*About this exercise:*
The whole listing below needs to be duplicated exactly, pictures aside.

*** Opening of Information provided ***

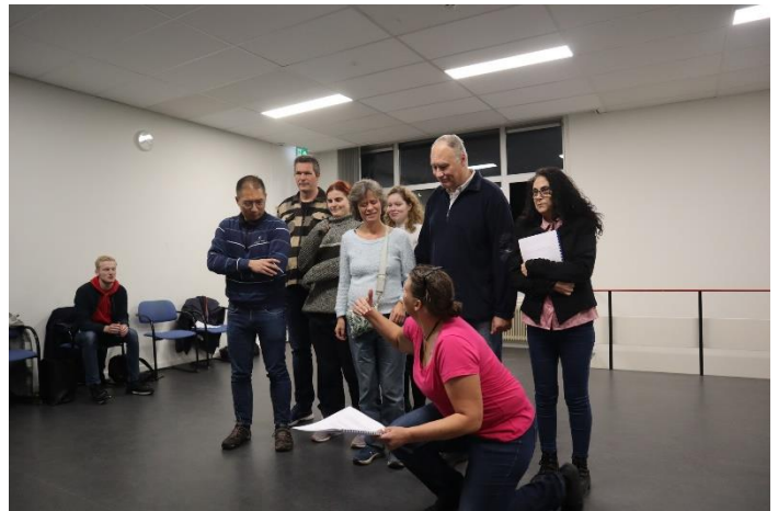
Nog live repetitie Het midden van de wereld

*12 december 2021 kwam het hoorspel en podcast van deze voorstelling online te staan
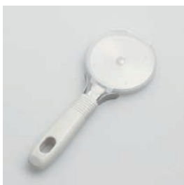
BS-257 ピザカッター (安全カバー付) Pizza Cutter with Safety Cover

■材質 ヘッド・口金: ステン レススチール、ハンドル: ABS樹脂(耐熱温度60℃)、 ケース: ポリプロピレン (耐熱温度90℃) ■サイズ(mm) 約193×72×19、カ バー装着時: 約197× 76×19 ■重さ 約83g

*** Close of Information provided ***

*Finished exercise:*
Nog live repetitie Het midden van de wereld

*12 december 2021 kwam het hoorspel en podcast van deze voorstelling online te staan
BS-257 ピザカッター (安全カバー付) Pizza Cutter with Safety Cover

■材質 ヘッド・口金: ステン レススチール、ハンドル: ABS樹脂(耐熱温度60℃)、 ケース: ポリプロピレン (耐熱温度90℃) ■サイズ(mm) 約193×72×19、カ バー装着時: 約197× 76×19 ■重さ 約83g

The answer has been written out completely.